Open ubuddemeier opened 1 month ago
Hello, thanks for pointing this out.
How did you observe the increasing memory load? Are you using any profiler?
@ckeshava , I'm noticing the same, it's best seen when you do a larger requests like requesting BookOffers. If you don't iterate over the client, the queue continuously grows and therefor also the memory usage.
Would it make sense to also have a limit on the amount of messages in the queue for the case when a client can't keep up?
import asyncio
from xrpl.asyncio.clients import AsyncWebsocketClient
from xrpl.models.requests import BookOffers
from xrpl.models.currencies import XRP, IssuedCurrency
async def main():
async with AsyncWebsocketClient("wss://s1.ripple.com") as client:
while True:
orderbook_asks_info = await client.request(
BookOffers(
ledger_index="current",
taker_gets=XRP(),
taker_pays=IssuedCurrency(
currency="USD",
issuer="rhub8VRN55s94qWKDv6jmDy1pUykJzF3wq"
),
limit=500,
)
)
orderbook_bids_info = await client.request(
BookOffers(
ledger_index="current",
taker_gets=IssuedCurrency(
currency="USD",
issuer="rhub8VRN55s94qWKDv6jmDy1pUykJzF3wq"
),
taker_pays=XRP(),
limit=500,
)
)
print(f"Queued items: {client._messages.qsize()}")
await asyncio.sleep(2)
if __name__ == "__main__":
asyncio.run(main())
thanks, this is helpful @Jbekker
@Jbekker I have incorporated your test case at the tip of this branch: https://github.com/XRPLF/xrpl-py/pull/713 -- many thanks, this is insightful.
Regarding placing limits on the queue size: A client might want to send in a large number of requests to a rippled node. For instance - We don't want to rate-limit access to a personal rippled process. (Hopefully with the resolution of this bug, there won't be any unforeseen bumps in compute/memory usage). Users can always set limits on this Python process through the Operating System tools.
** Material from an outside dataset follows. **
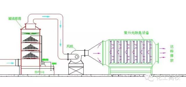 原理:反應(yīng)塔內(nèi)裝填特制的固態(tài)填料,填料內(nèi)部復(fù)配多介質(zhì)催化劑。當(dāng)惡臭氣體在引風(fēng)機(jī)的作用下穿過(guò)填料層,與通過(guò)特制噴嘴呈發(fā)散霧狀噴出的液相復(fù)配氧化劑在固相填料表面充分接觸,并在多介質(zhì)催化劑的催化作用下,惡臭氣體中的污染因子被充分分解。適用范圍:適用范圍廣,尤其適用于處理大氣量、中高濃度的廢氣,對(duì)疏水性污染物質(zhì)有很好的去除率。優(yōu)點(diǎn):占地小,投資低,運(yùn)行成本低;管理方便,即開(kāi)即用。缺點(diǎn):耐沖擊負(fù)荷,不易污染物濃度及溫度變化影響,需消耗一定量的藥劑。

But, I understand this approach is contrary to the message queues inside the OS network buffers. I don't have a strong opinion, I'm open to ideas.
Regarding placing limits on the queue size: A client might want to send in a large number of requests to a rippled node. For instance - We don't want to rate-limit access to a personal rippled process.
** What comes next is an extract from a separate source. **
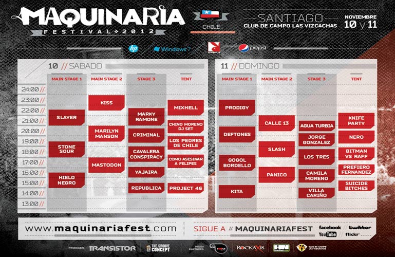 Revisa los horarios y escenarios del Maquinaria Festival Chile 2012
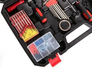Szeretne otthon egy minőségi szerszámkészletet? Szerezzen be egy praktikus SIXTOL HOME 110 készletet, amelyet otthon és a műhelyben használhat. Egy stílusos műanyag tokban találsz 110 darabot, beleértve az elektromos szerszámokat, foglalatokat és fejeket vagy összekötő anyagokat. A fogantyús bőrönd könnyen hordozható, így a készlet ideális utazáshoz. Modern piros és fekete kivitelben kapható.

There could be some sort of config option added.
Regarding placing limits on the queue size: A client might want to send in a large number of requests to a rippled node. For instance - We don't want to rate-limit access to a personal rippled process.
There could be some sort of config option added.
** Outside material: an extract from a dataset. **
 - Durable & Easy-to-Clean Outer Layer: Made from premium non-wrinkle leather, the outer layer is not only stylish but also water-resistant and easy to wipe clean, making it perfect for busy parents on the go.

yeah, that's true. To determine a good default value, we might have to pull some statistics (for an upper bound on the queue size), do you have any ideas for that? I don't think the Data team currently tracks the client libraries.
Adding a config option might increase the complexity of the client libraries, but I think it's an acceptable compromise.
Question: does the response need to go into the message queue if it corresponds to a pending request and is handled by fulfilling the future? I did a quick fix on my end to work around the problem in this way:
if "id" in response_dict and response_dict["id"] in self._open_requests:
self._open_requests[response_dict["id"]].set_result(response_dict)
else: # enqueue the response for the message queue
cast(_MESSAGES_TYPE, self._messages).put_nowait(response_dict)
Am I missing something here?
Another problem I noticed earlier in that same file, is that _inject_request_id might cause a collision when generating a random ID with a lot of outstanding requests. It should check whether the randomly generated ID is already used.
@ubuddemeier You are correct, the fix is similar: https://github.com/XRPLF/xrpl-py/pull/713
Regarding the request-IDs, please refer to this discussion: https://github.com/XRPLF/xrpl-py/issues/718#issuecomment-2195457626
For a collision to occur, the random
math library would need to produce the same output within a given span of time. I think math libraries have a stronger guarantee insofar as psuedo-random number generation is concerned.
The requests are fulfilled very quickly (except for certain heavy workloads). I don't think we'll see collisions within such a short span of time
I think the problem is that received messages are enqueued (in WebsocketBase._handler) regardless of whether the message corresponds to a request or not:
https://github.com/XRPLF/xrpl-py/blob/main/xrpl/asyncio/clients/websocket_base.py#L139
This should probably be inside of an else-clause to the preceding if-clause.